Sunsets have always drawn me into their palette, as saturated colors in a painting are wont to do. Watercolors belong to the dawn – those muted, diluted rosy hues streaked with a wet brush onto pebbled canvas. Living in Maine for thirty-two years, I caught sunrise over the first mountaintop to glimpse the light of day in the eastern United States – Cadillac – but once. It was a cloudy morning, and though fog proves lovely as it spills over Maine’s coastal islands like water over the backs of porcupines, it further muted morning’s hues as if a painter had swished her brushes one time too many in the same glass of water.
Instead my days climaxed in a sun setting over the hills surrounding Goose Pond; eyes dancing with summer damselflies flittering about on gossamer wings, tickling shoulders as we pulled oars through dark water. While beavers settled into lodges after a long day’s work, tails slapping, osprey nestled into the tallest treetops. The buzz of cicadas joined bullfrogs in a nightly serenade that waned with the flair of Venus emerging into darkening skies, gathering less brilliant companions to her flanks until they congregated like bees populating a hive, turning out the sweetest product imaginable.
Stars are the reward for ushering day into night. Last December I witnessed a full lunar eclipse – stepping out, at intervals, into the wee morning hours to photograph and gape, dumbstruck, at what early humans surely considered a portent. It was magnificent enough that I would repeat the ritual without hesitation. But until then, I’m content to sleep until daylight restores my vision and breaks over the land.
Different, these seasonal shifts here in Hawaii. It has been the coldest winter that we have experienced in nearly a decade of living on the islands. Yet unbelievably to most mainlanders, spring is here. Birds are mating, horses are shedding and the wind’s currents here on the north shore shift in every direction, pulling windmills into unfamiliar patterns. Rains continue, still without complaint from us as we are situated in a dry area prone to drought these past few years.
The landscape seems charged with magic. Shrubs and trees planted only a few years ago that started a foot high have grown up to fifteen feet. Farmers markets explode in lettuce, kale, bok choy, chard – beets maturing from seed reach a foot tall inside a couple of weeks. Citrus trees are heavily laden with fruit and baskets and bowls of them sit around the kitchen like unmoving guests awaiting a banquet. Bananas hang in bunches in the garage, ripening in stages.
Yet somehow I find myself reminiscing about the northeast, awakening in its own profound sense in its own time, still a couple of months distant.

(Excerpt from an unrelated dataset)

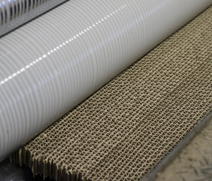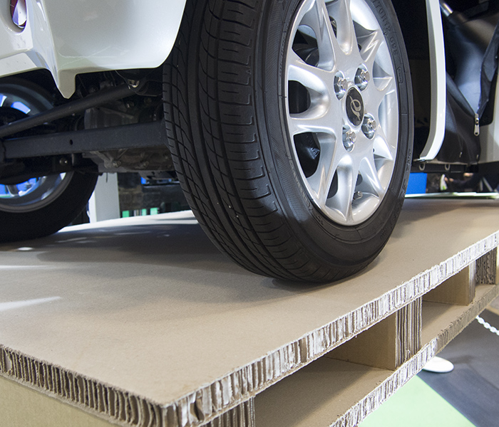 エコボードの中でも最もこだわった部分であり、1番歳月をかけて研究したのがエコボードの内側のコア部分とその外側に貼り付けるライナー部分の接着面です。もともとエコボードはハニカムボードにヒントを得て作られました。しかし、ハニカムボードはコアとライナーの接着力が弱く、曲げた時の耐久性に問題がありました。それを解決するために、エコボードでは、コアの部分を切断する際、独自の切断技術で切断面を大きくし、糊がつく面積を拡張。この切断面を実現するために、エコボード専用に作られたカッターを使用しています。その結果、エコボードは強力な接着強度を手にいれ、ねじれや曲げがかかったとしても、コアの部分とライナー部分が剥がれることなく木材のような曲げ強度を発揮。紙製のパレットの中でも1番の曲げ強度を誇っており、フォークリフトで持ち上げても、パレットがたわんで荷崩れを起こしてしまう心配もないので、物流の現場でも安心してご利用いただけます。エコボードは接着強度に力を入れて開発したからこそ、安心して利用ができるほどの曲げ強度を実現しているのです。
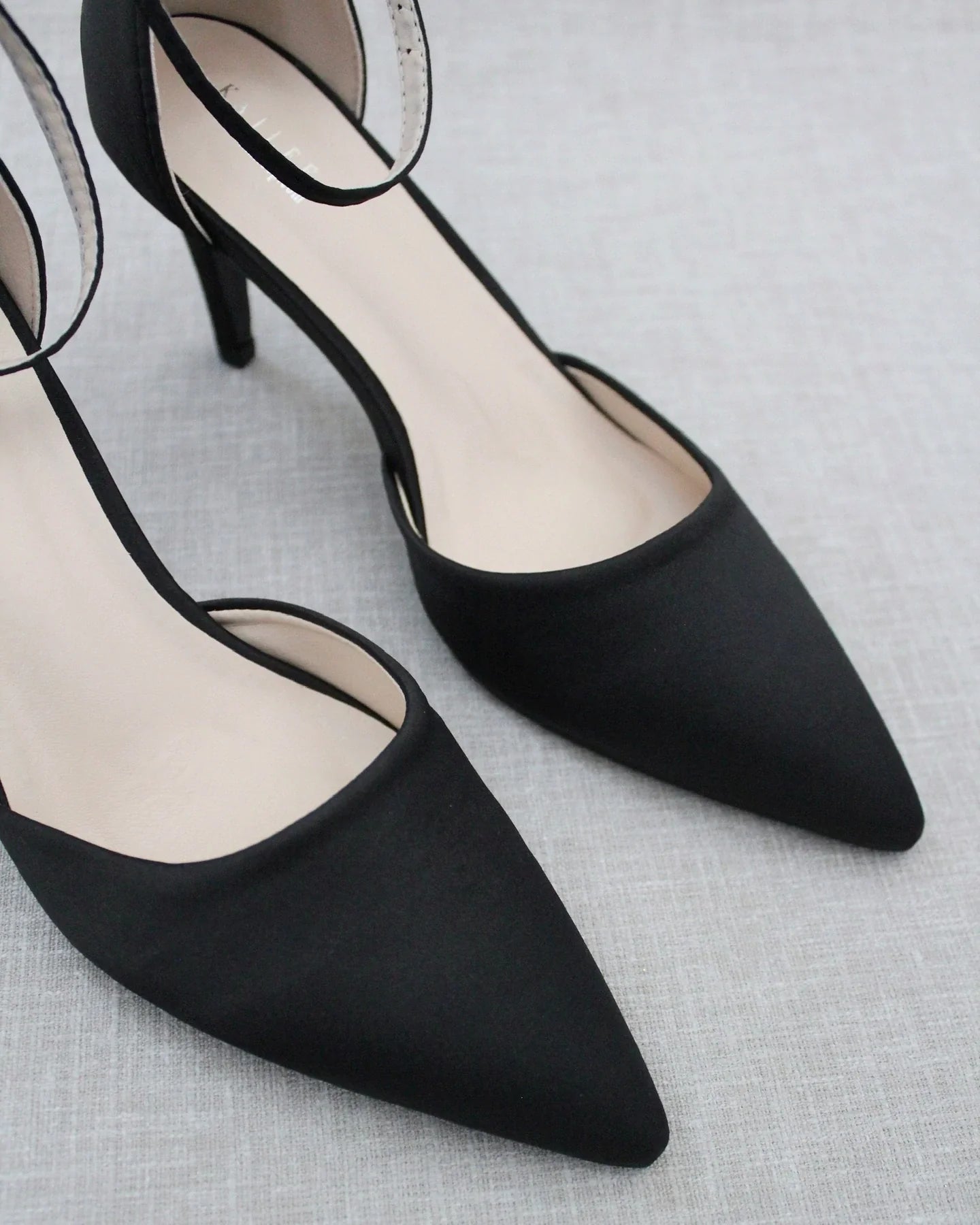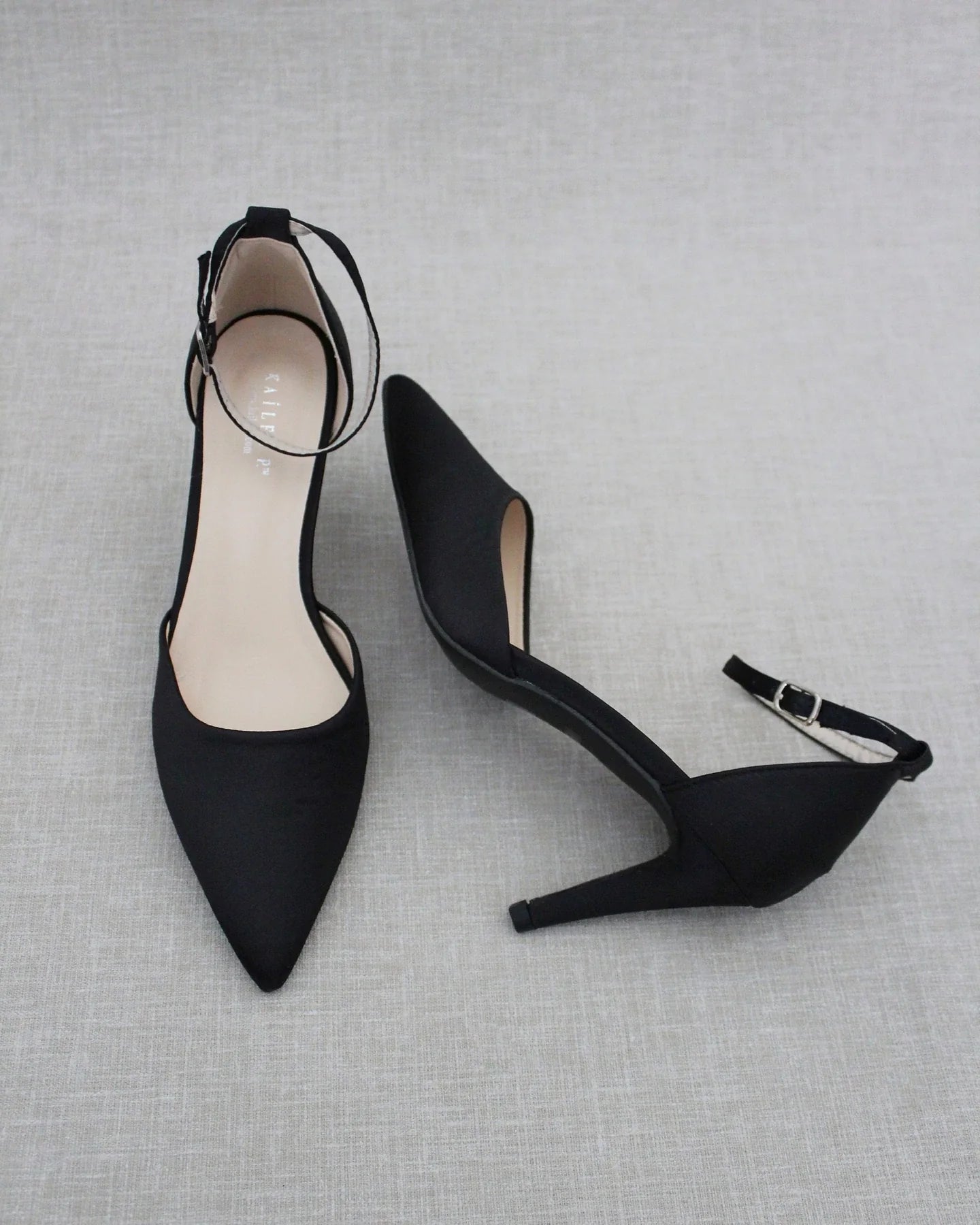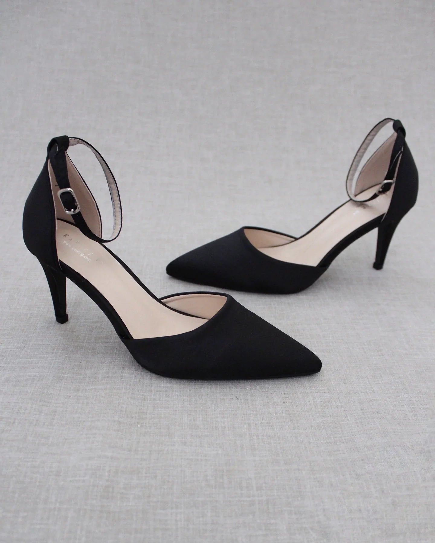 Elegantit ja pelkistetyn tyylikkäät teräväkärkiset korkokengät irrotettavalla nilkkaremmillä. Upeat ja ajattomat juhlakengät tai hääkengät kaikkiin elämäsi tähtihetkiin. Muunna mieleiseksi lisäämällä irrotettavat kenkäkoristeet!

After thirty-two years on that coast, I miss not the cold and hardship that winter brings, but the unmistakable transition of the seasons, the land emerging from its blanket of white and grey into greens, reds, yellows, periwinkles, violets and pinks in any palette you might imagine. The lime green of sedges; the brilliant orange of copse fungi. Growing things that seem to sense they have only a brief time in which to deck themselves splendiferously out.
Birds gather and descend onto land, seeking the abundant feast that awaits. Flocks of purple-sheened grackles crack and caw, settling sleek black bodies onto half-rotten fenceposts. Evening grosbeaks stun with brilliant colors dreamed only in the tropics. Loons lilt overhead, heavy-boned bodies laboring to alight onto stretches of open water. Foxes, marten, bear and raccoon; moose, deer, skunk and mink resume mating rituals. The woods vibrate with life; underground springs gurgle as last year’s leaves mulch into thickly carpeted trails.

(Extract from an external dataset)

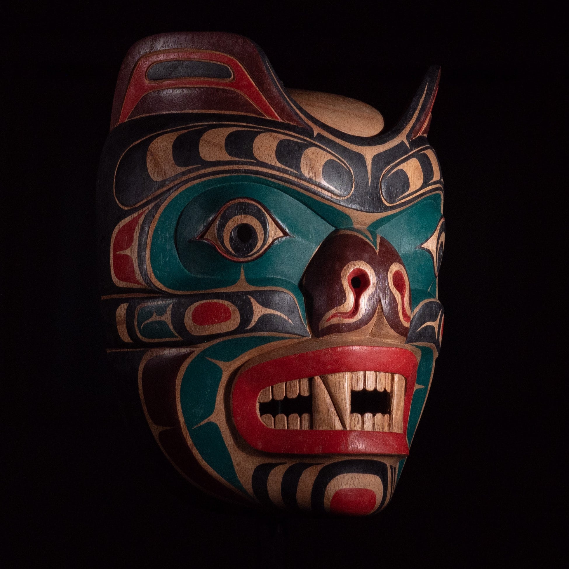 bear spirit mask | pacific northwest tribal style | hand carved hand painted 10" ceremonial reproduction | museum sourceBear Spirit Mask | Pacific Northwest Tribal Style | Hand Carved Hand Painted 10″ Ceremonial Reproduction | Museum Source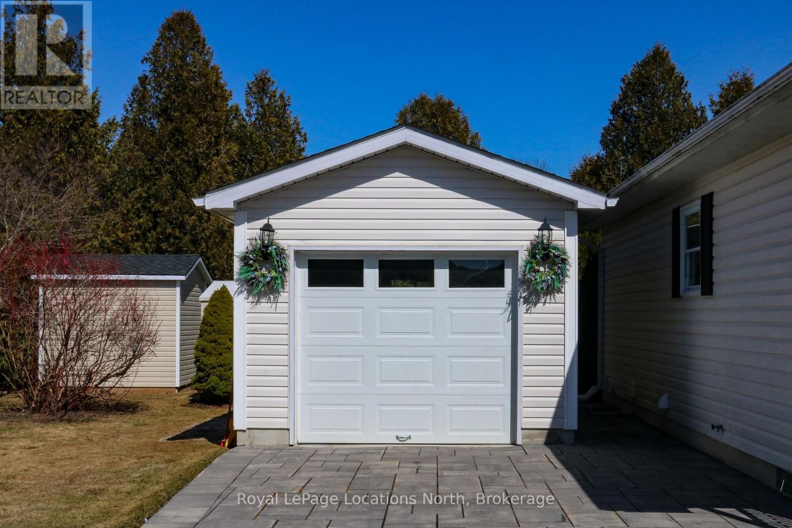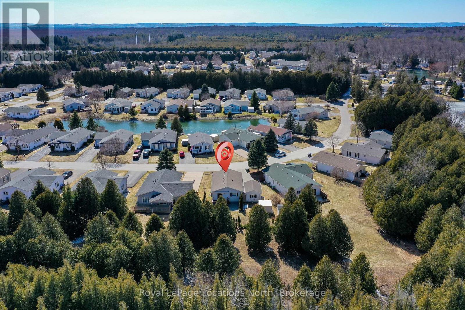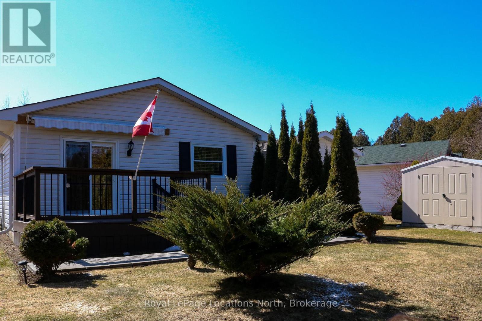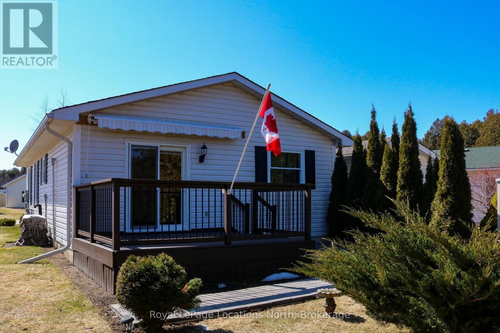Amazing opportunity to own a fully detached home in Park Place, one of Wasaga Beach's premier adult/retirement land-lease communities. This beautifully maintained 2-bedroom home has a custom-built detached & insulated garage, backs onto complete privacy (a 400-acre tract of land owned by the Province of Ontario), and has a long, long list of interior and exterior upgrades and improvements (a list totalling well over $100,000 is available upon request). As soon as you step inside, you will immediately notice the amazing features that this top-quality home has to offer, from the open-concept design of the principal living areas to the fact that all of the flooring is top-quality hardwood & porcelain tile flooring and custom window treatments throughout. The gorgeous custom kitchen includes granite counters and 3 stainless-steel appliances and is open to the large, bright eating area. This area is also visible to/from the living room (with hardwood floors & vaulted ceilings).The primary bedroom has a double closet, and the 2nd bedroom has a large closet & sliding doors to the sundeck overlooking that beautifully landscaped and very private backyard. The house also offers a stackable washer/dryer for laundry convenience. Outdoor amenities include a stunningly beautiful interlocking brick driveway, walkways & rear patio, a covered front porch/veranda, a 10' x 12' sundeck (with awning), & a 10' x 10' shed. Park Place is a gated adult (age 55+) community on 115 acres of forest & fields, water & wilderness in Wasaga Beach. Numerous on-site amenities include a 12,000 sq. ft. recreation complex, indoor saltwater pool, games rooms, library, gym, woodworking shop, and more. This wonderful community is private yet is still ideally located within minutes from the beach, shopping, Marlwood Golf Course, an extensive trail system, and other amenities. Monthly fees to the new owner are as follows: Land Lease ($800.00) + Property Tax Site ($37.84) & Structure ($111.88) = $949.72/month (id:53503)

Yes, our island spring is glorious to behold. Northern New Englanders have to yearn a month or two yet, before snowmelt and mud give way to popping buds and solid pathways. Patience is ever rewarded, however, with vistas altered by the passing of the seasons. Nothing, and everything, changes – revealing itself afresh to wondrous eyes fixed on changing horizons.
Sometimes I find myself wrapped in envy for those who seem to possess a sort of natural foundation to their lives. Not the ones with the two-point-five children and a house in the suburbs, no. That holds no allure for me whatsoever. It’s more a kind of self possession – a poise and grace – that seem to seep from their skin as sap from a sugar maple in springtime, running freely into buckets lashed to their sides to be rendered down into a divine elixir. It’s as if these people possess access to an abundant stamina – paradoxical restraint resulting in a protracted harvest, a nurturing sort of aura to be drunken in by those fortunate enough to encounter them. An ex-husband yearned for this from me, as if it could be coaxed like water from a dry well. As if water could be exchanged for fire.

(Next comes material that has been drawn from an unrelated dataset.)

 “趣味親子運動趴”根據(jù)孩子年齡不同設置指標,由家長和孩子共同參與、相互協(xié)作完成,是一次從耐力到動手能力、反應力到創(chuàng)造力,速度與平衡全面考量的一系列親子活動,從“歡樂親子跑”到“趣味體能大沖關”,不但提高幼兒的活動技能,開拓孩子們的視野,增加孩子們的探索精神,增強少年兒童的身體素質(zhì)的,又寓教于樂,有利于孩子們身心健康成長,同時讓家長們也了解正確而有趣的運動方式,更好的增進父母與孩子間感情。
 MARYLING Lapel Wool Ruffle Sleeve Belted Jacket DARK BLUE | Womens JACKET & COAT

For better or for worse, I am not one of these people. Instead I’m rather like a stately redwood nurtured by the mist – reaching, reaching massive fertile branches upward, snatching segments of brilliant sunlight, irrepressible as the fog is furtive. I want full disclosure of and for myself and others while guarding a thick privacy like a bear holed up in her den. Yearning for both complicates the structure I seek to establish – I keep wondering if I’ll ever grow up and into one of these steady folk. Then I gaze about me at the wilds of my existence – the freedom of both inner as well as outer Creation – and I begin to breathe like a bellows gulping air, and it feels right somehow. As if to roam is my home.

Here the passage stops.